------ Data under study
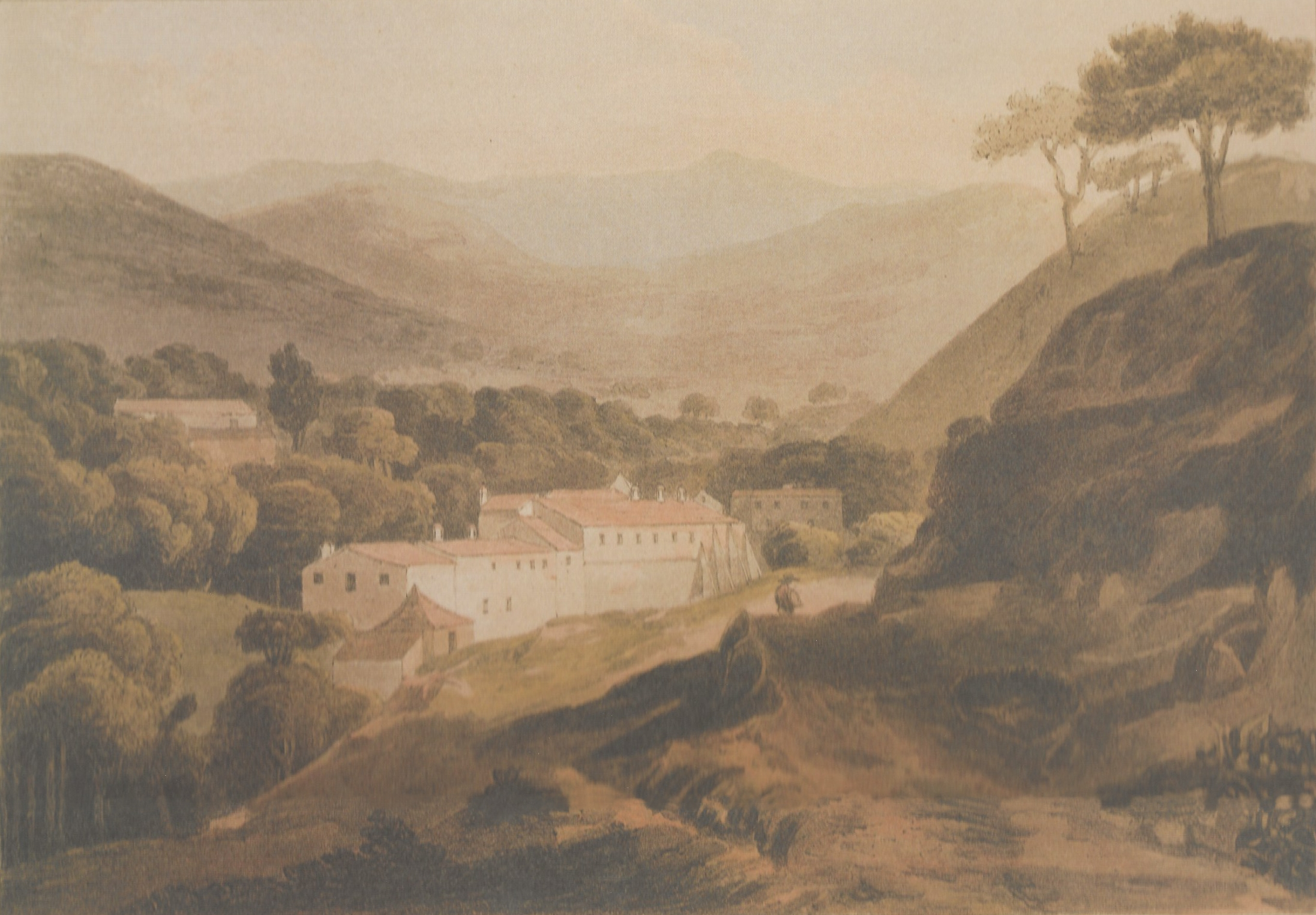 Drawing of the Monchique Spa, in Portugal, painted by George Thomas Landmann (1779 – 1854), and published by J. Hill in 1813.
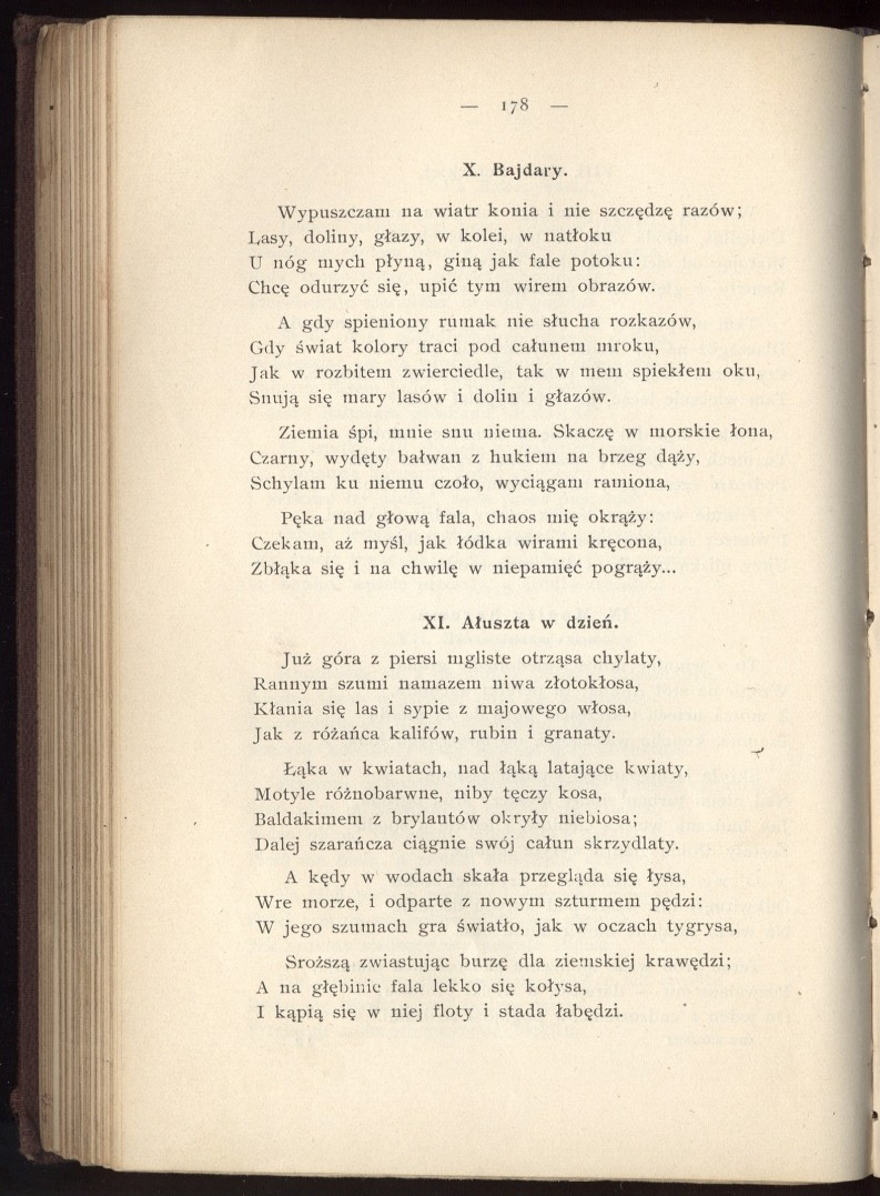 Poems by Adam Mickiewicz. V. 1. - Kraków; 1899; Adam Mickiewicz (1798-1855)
------------
------ Data under study
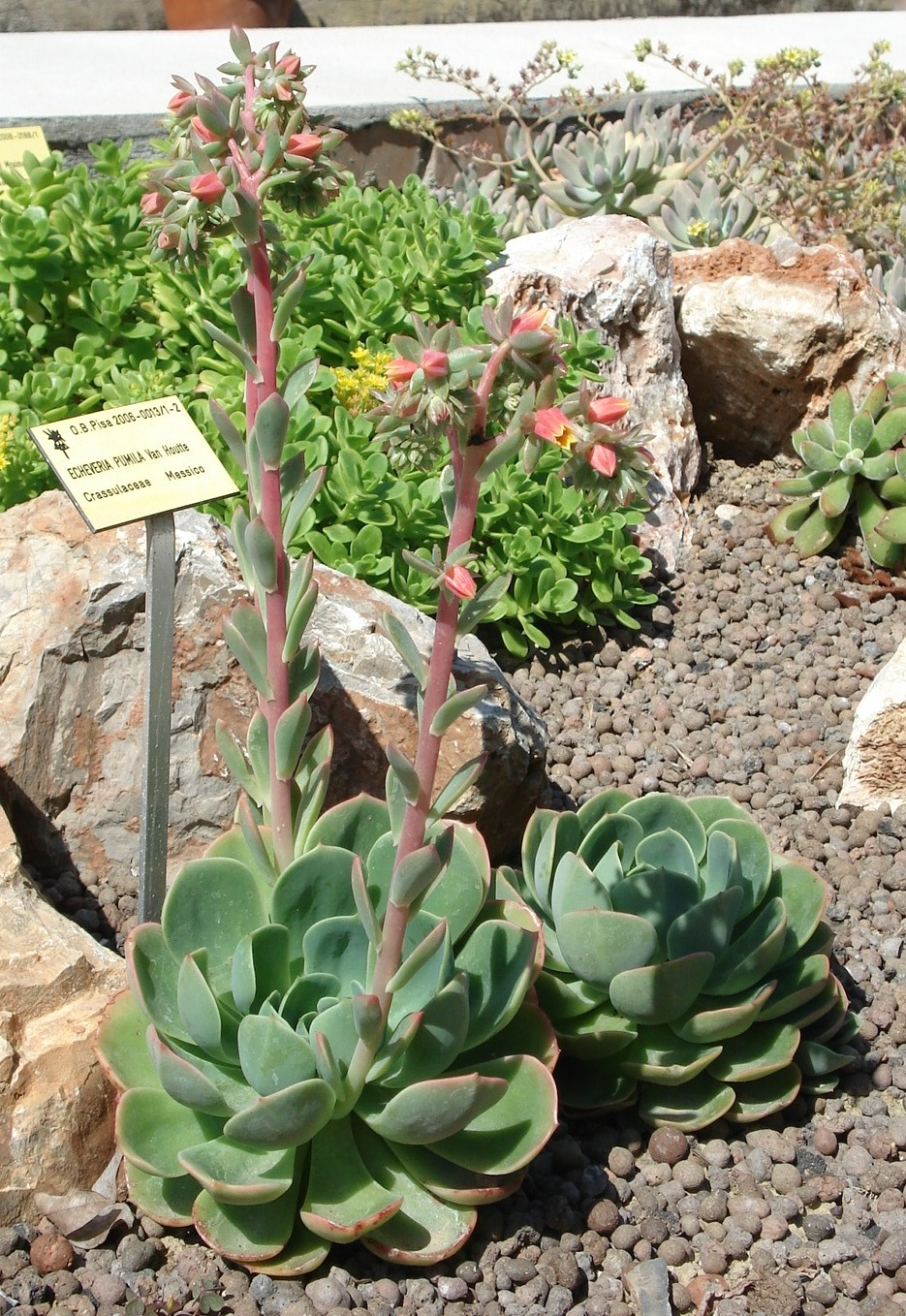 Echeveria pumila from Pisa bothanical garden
------------
**Action item:** In the listing above, find the line with "Drawing of the" and the line with "Poems by Adam". Copy both of them and every line between, exactly, but not the pictures.

**Expected output:**
 Drawing of the Monchique Spa, in Portugal, painted by George Thomas Landmann (1779 – 1854), and published by J. Hill in 1813.
 Poems by Adam Mickiewicz. V. 1. - Kraków; 1899; Adam Mickiewicz (1798-1855)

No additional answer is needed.